Yellow Pages Lighting Up a New Ad Logo, Slogan
DENVER — After nearly 40 years, the Yellow Pages fingers are walking off the job.
The trade association for telephone directory publishers will replace the “Let Your Fingers Do the Walking” logo and advertising campaign next year with a light- bulb logo and the slogan, “Get an Idea.”
The change is designed to change the image of the Yellow Pages from a listing of telephone numbers to a consumer resource book, said Jim Logan, president and chief executive officer of the Yellow Pages Publishers Assn.
For example, Logan said, consumers can use the phone book to come up with ideas for a home improvement project, instead of just finding the name of a contractor.

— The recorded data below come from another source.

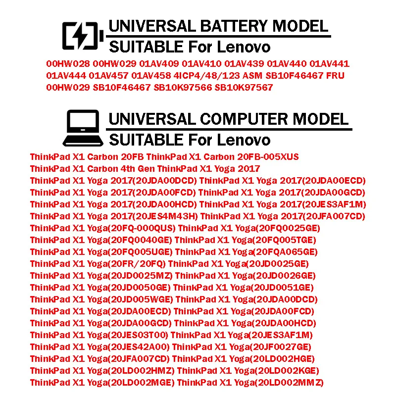00HW028 15.2V 52Wh 01AV457 4Cell Genuine Original Laptop Battery For Lenovo X1 Yoga 2016-2017Year Carbon 4TH GEN 20FQ 20FR 20JD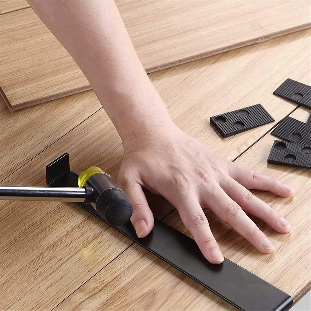 ➡️Наш ударный блок для этих инструментов для укладки ламината изготовлен из толстого полипропиленового пластика, чтобы предотвратить повреждение ламината и паркетных полов.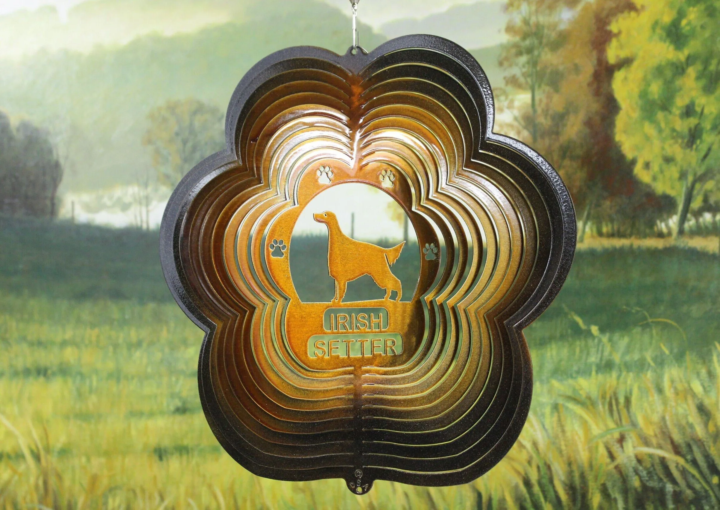 DSA 77975 12″ Irish Setter Dog Breed Wind Spinner-Copper/Black Starlight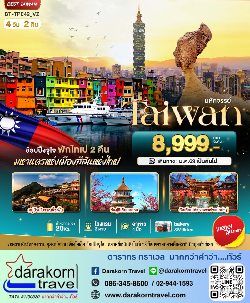 ทัวร์ไต้หวัน - มหัศจรรย์..TAIWAN ช้อปปิ้งจุใจ พักไทเป 2 คืน 4วัน2คืน(VZ)เดือนมกราคม - มีนาคม 2569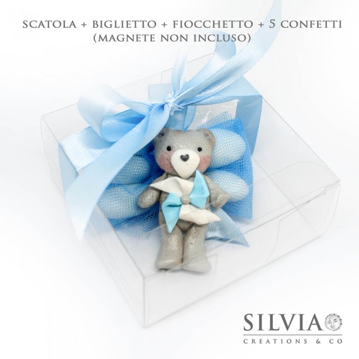 Confezione completa comprensiva di astuccio (scatola) portaconfetti in pvc trasparente, bigliettino con il nome del festeggiato e la data dell'evento, cinque confetti alla mandorla e fiocco di raso alto 15 mm del colore desiderato. Questa scatola è indicata per confezionare le bomboniere per il festeggiamento di matrimoni, anniversari di nozze, battesimi, comunioni, cresime.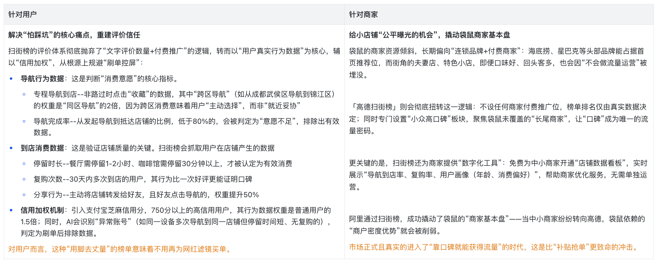 「高德扫街榜」的破局思路,正是用“去商业化+真实行为数据”重构评价体系,同时精准吸引被袋鼠“挤压”的两类核心群体——追求真实体验的用户,与渴望公平曝光的中小商家。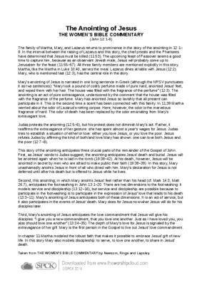 The family of Martha, Mary, and Lazarus returns to prominence in the story of the anointing in 12:1–8. In the interval between the raising of Lazarus and this story, the chief priests and the Pharisees have determined that Jesus must be killed (11:53)…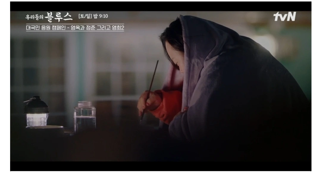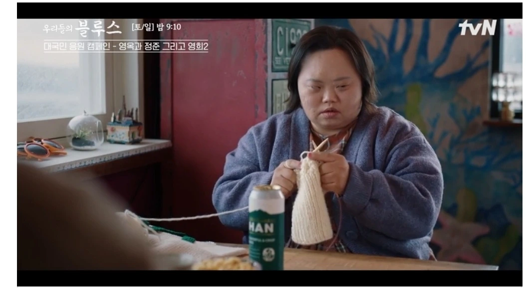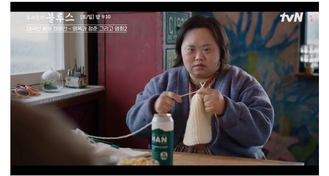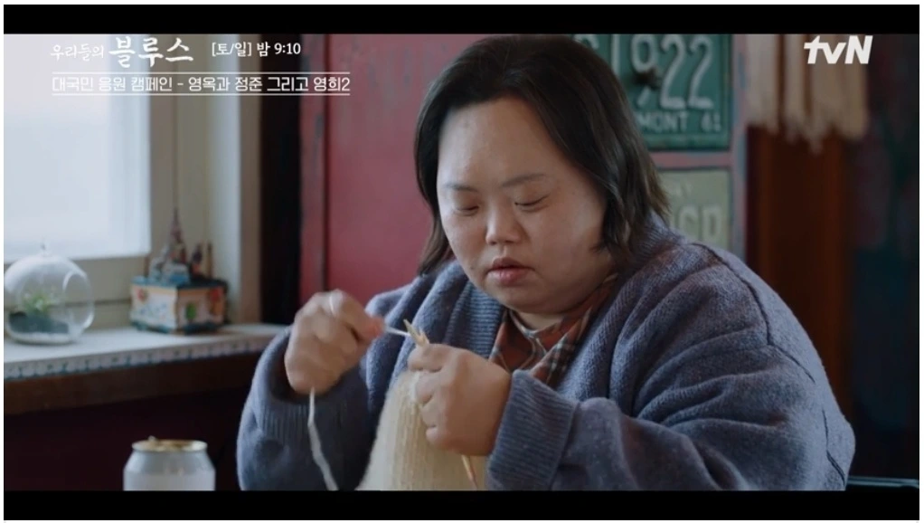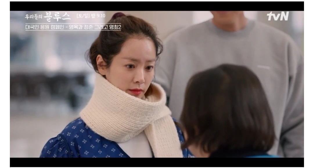 동생 영옥의 목도리까지 짜서 공항서 영옥 목에 걸어주는데 동생 걱정해주는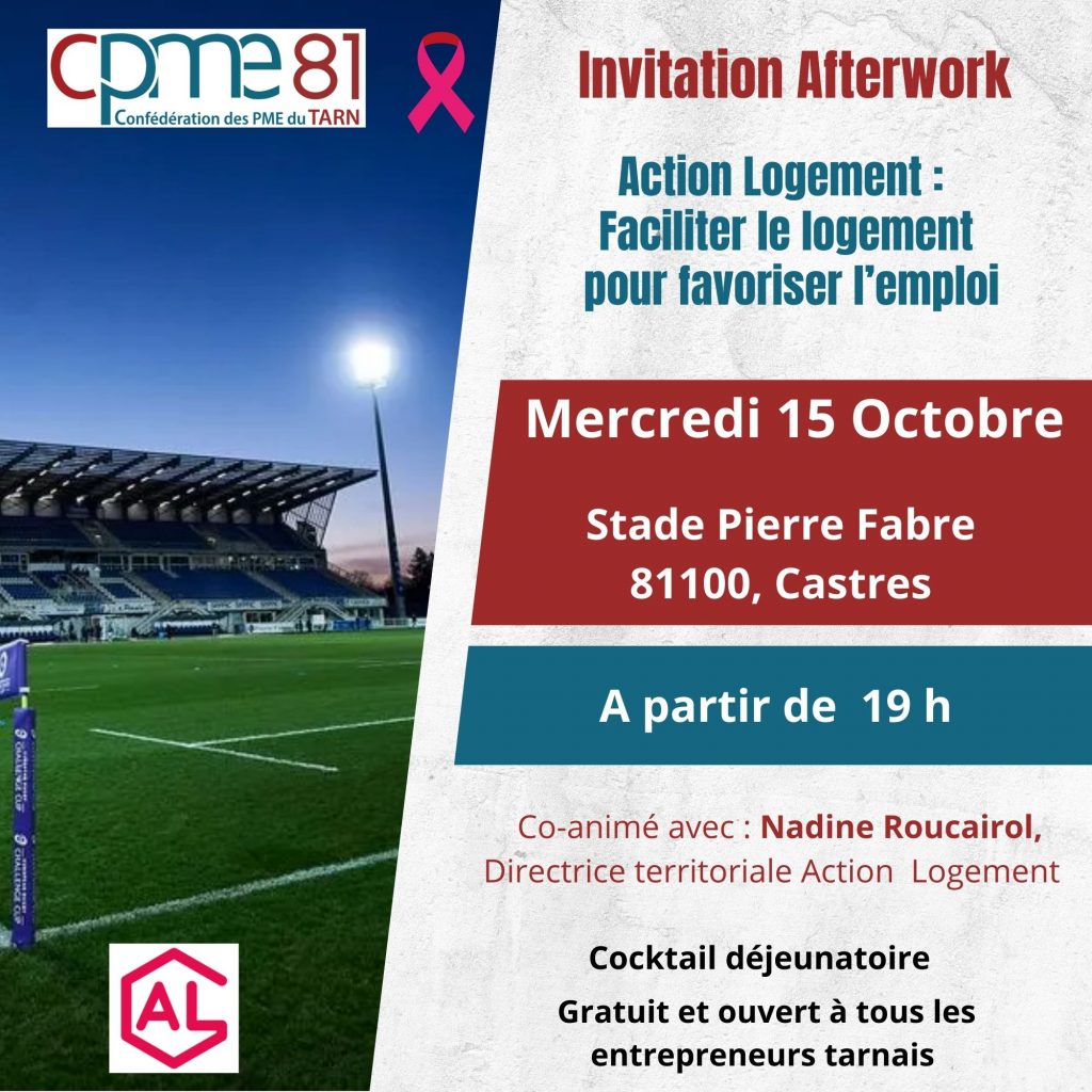 Avec toute l’équipe de la CPME du Tarn, nous vous donnons rendez-vous pour un afterwork informatif, convivial, gratuit et ouvert à tous les dirigeants tarnais avec un cocktail local, dans l’un des temples du sport tarnais où bat le coeur du Castres Olympique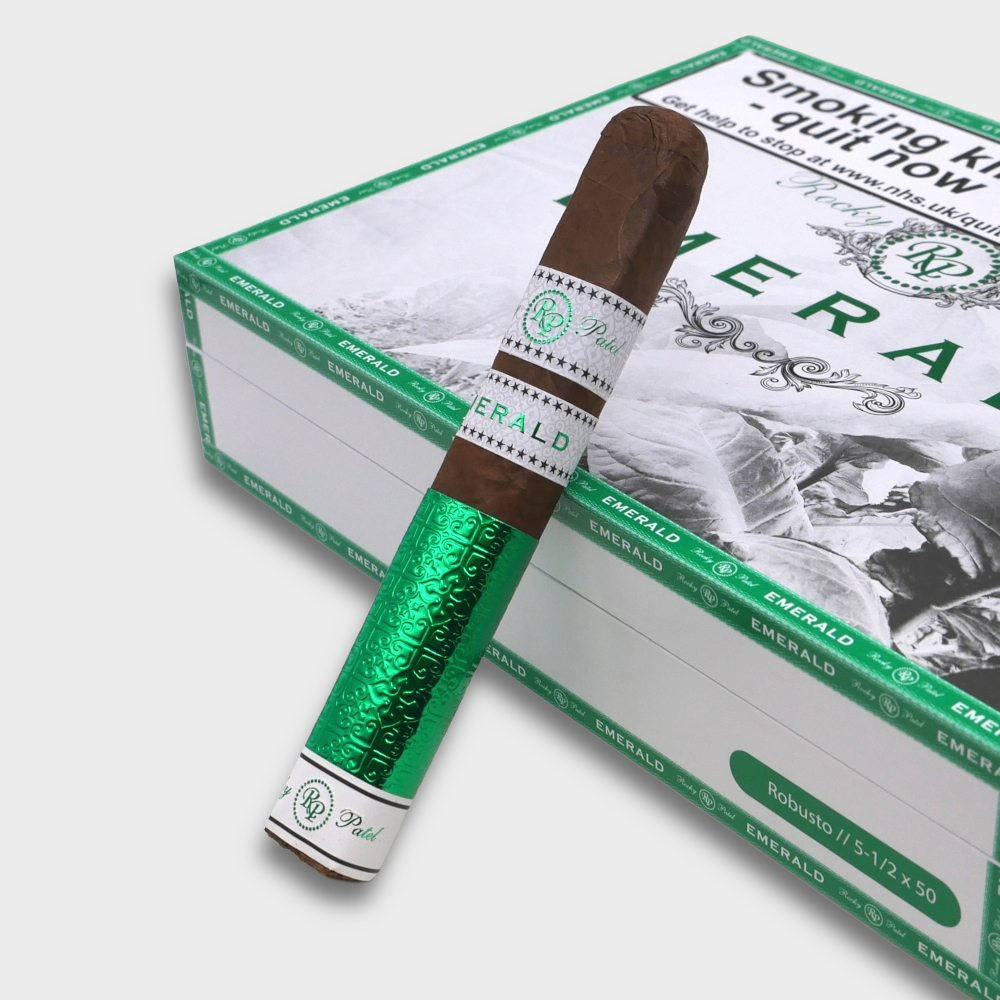 The Rocky Patel Emerald cigar, launched in late 2024, is a smooth, medium-bodied, box-pressed cigar featuring an Ecuadorian Habano wrapper, Nicaraguan & Mexican binders, and Nicaraguan/Honduran fillers, offering notes of sweetness, spice, leather, and pepper, ideal for both new and experienced smokers seeking a lighter, complex smoke from Rocky Patel.
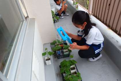 4年生の理科の授業で記入しているツルレイシ(ゴーヤ)の栽培日記のために、写真をタブレットで撮影して貼り付けています。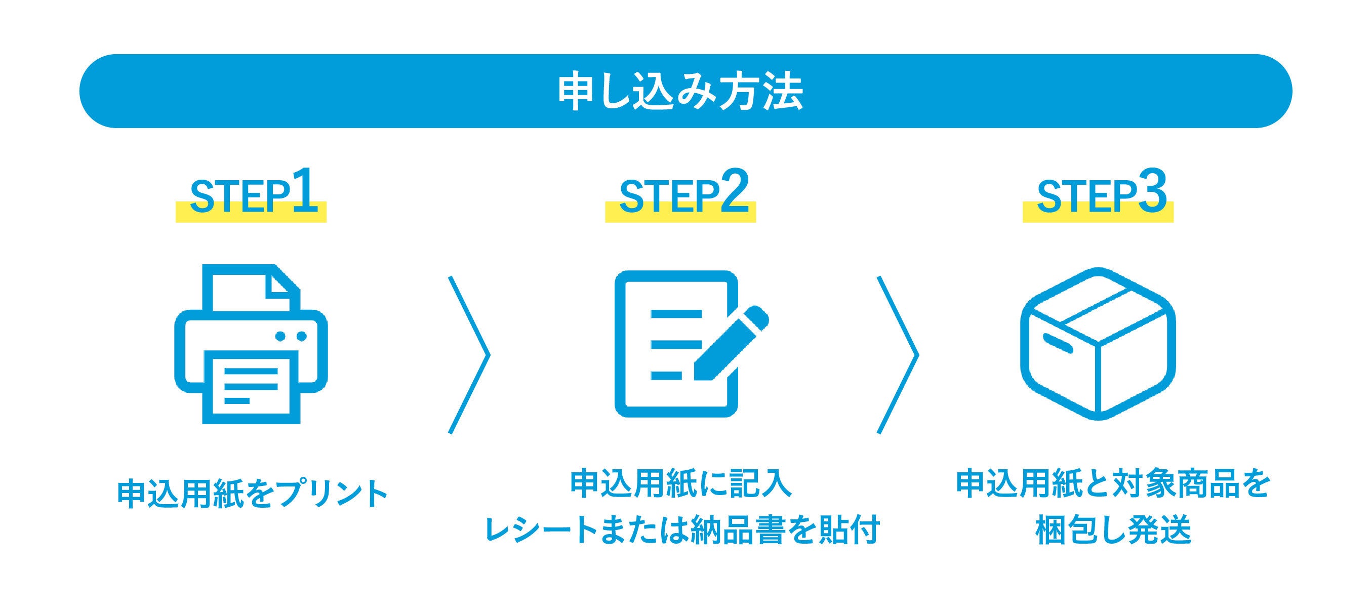 STEP3 STEP2で準備した申込用紙と対象商品を梱包し、受付期間内にキャンペーン事務局宛にヤマト運輸株式会社の「宅急便」にて着払いでお送りください。キャンペーン事務局より購入代金分のAmazonギフト券をご記入いただいたEメールアドレスにお送りします。

A $24-million campaign featuring comedian Jon Lovitz will be launched in January to promote the new logo.
“Everybody knows about the Yellow Pages,” Logan said. “Everybody knows about the walking fingers, but candidly it’s a little boring.”
The walking fingers logo was created in 1961 to unite the 21 Bell Telephone companies that made up AT&T; and became a widely recognized advertising campaign.
Slightly more than half of the directory publishers still use the logo today, Logan said.
The light-bulb campaign is the first launched by the $12 billion-a-year industry since the breakup of AT&T; in 1984, said Forrest Miller, chairman of the association’s board of directors.
It comes at a time when printed Yellow Pages face increased competition from alternative sources, such as Internet directories.
“We firmly believe the market is changing,” Logan said. “Most of our publishers are involved in one way or another with electronic Yellow Pages.
“The whole area of media and advertising is in a revolution, and we do need to promote our product in order to maintain and help increase use.”
Based in Denver, the association represents about 400 companies, including directory publishers, agencies that sell the products and those that sell paper, ink and other services to the industry.